Randall, Nowicki, and Kulkarni claim to have created a new inventory strategy they call the science of theoretical minimums, or STM. They developed this new strategy as a way to manage inventory without affecting customer service levels or shifting cost to other supply chain partners. They explain:

“STM provides a simple and elegant framework to reduce cost and increase customer service levels by monetizing time delays across the extended supply chain. Unlike other strategies, managing to theoretical minimums reduces the total supply chain cost instead of simply pushing costs onto weaker suppliers. This means that STM reveals how much profit is being left on the table in the end-to-end supply chain. This monetization of delay cost provides supply chain executives with a clear picture on where to focus their efforts. More importantly, we contend that STM is an idea whose time has come. In the last decade, the task of managing inventory flows in ways that drive out informational delay has been a sort of alchemy that has alluded the major supply chain technology companies. … The concept is not new. In the hard sciences, theoretical minimums have been used as a bench mark for years. Information technology strategists, for instance, often discuss the theoretically achievable bandwidth of a particular configuration. That is used to understand bottle necks and the opportunities to invest to reduce those bottle necks. Theoretical minimums have a similar value in the supply chain. Here, they provide an idea of what is possible by increasing visibility, attacking latent activities, and synchronizing supply chain processes. Attacking these latencies mitigates the negative costs associated with lead times and variability. STM accomplishes this by providing the basic logic for accounting for inventory and inventory costs in terms of physical and informational delay.

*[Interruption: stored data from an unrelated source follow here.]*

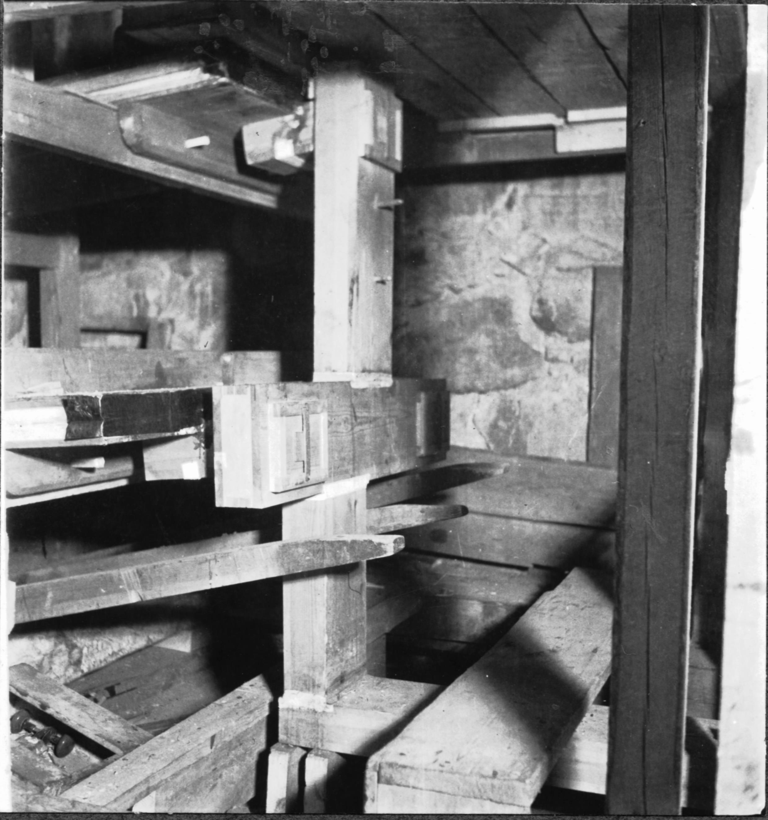 Gamla orgelverket av Johan Niclas Cahman, 1714. Bälgverket med tre stycken kilbälgar uppmonterade i tornvinden 1930-32. Foto nr. 2.
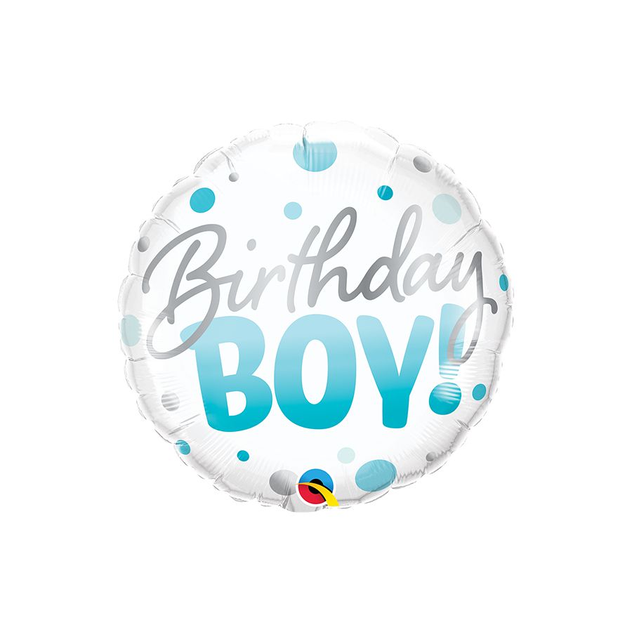 Microfoil 18 polegadas, aproximadamente 46 cm Contém 1 unidade. Balão microfoil no modelo redondo Birthday Boy (Aniversariante) Azul com Pontos. Aqui tudo é de extrema qualidade. Transformamos simples momentos, em grandes realizações.Composição:
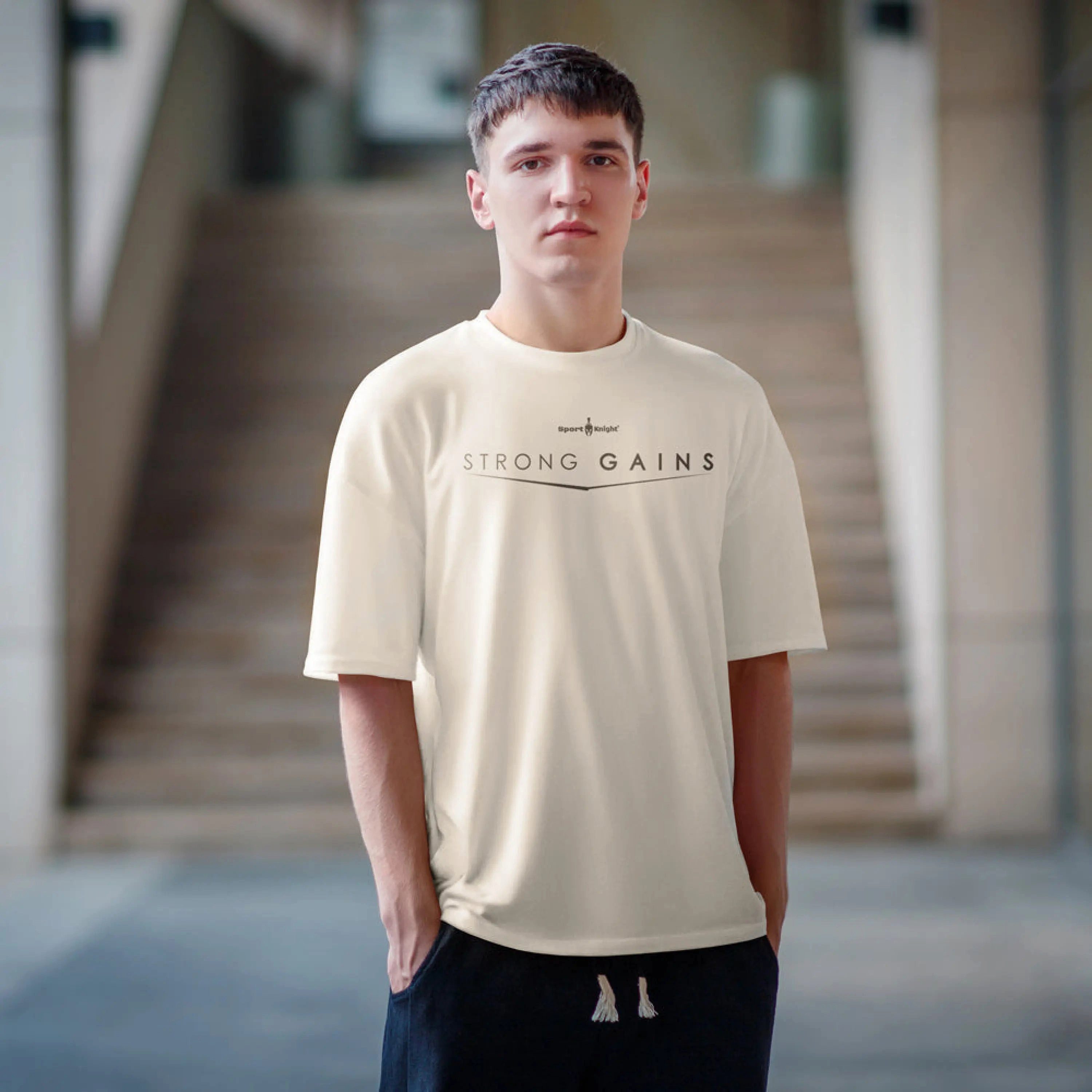 Das Sport-Knight® Oversize T-Shirt überzeugt durch sein sportlich-lässiges Design und den schlichten „Strong Gains“ Druck auf der Brust. Der angesagte Oversize-Schnitt bietet maximale Bewegungsfreiheit und ist ideal für Sport und Alltag.

This simplicity removes the ambiguity that often clouds inventory related decision-making.”

They conclude, “Our results convince us that STM is a leap forward in the way extended supply chain partners visualize the cost of information delay and represents a new and efficient frontier for extended supply chain inventory management.” If their thoughts pique your interest, I recommend you read their article in full.

 

Conclusions

 

“Inventory management is a complex subject,” Cecere writes. Fortunately, cognitive computing systems can deal with complexity. But Cecere insists technology alone is not the answer. “More and more companies are purchasing inventory technologies,” she writes, “but fail to give planners time to plan. This is a mistake. With the rise of the global multi-national, there is more and more need for an inventory planning role to manage the form and function of inventory and develop inventory strategies. Buying the technology and not having clear processes and accountability does not help. … What is … important is the design of inventory strategies in the supply chain and the management of form and function of inventory.” For the foreseeable future, inventory optimization will remain as much art as science; but, as the above discussion indicates blending the right technologies with the right people can dramatically improve the process.

 

Footnotes
[1] Lora Cecere, “Is Inventory Waste or an Asset?Supply Chain Shaman, 3 September 2015.
[2] Wesley S. Randall, David R. Nowicki, and Shailesh Kulkarni, “The Perfect Formula for Determining the Right Amount of Inventory,” Supply Chain 24/7, 28 March 2016.
[3] Lora Cecere, “Does Better Forecasting Improve Inventory? Why I Don’t Think So Anymore.Forbes, 29 November 2015.
[4] Jeff Bodenstab, “Five Types of Inventory Optimization You Should Know,” ToolsGroup, 10 November 2015.
[5] Andy Hill, “12 Best Practices Of Inventory Optimization,” Industrial Distribution, 13 November 2015.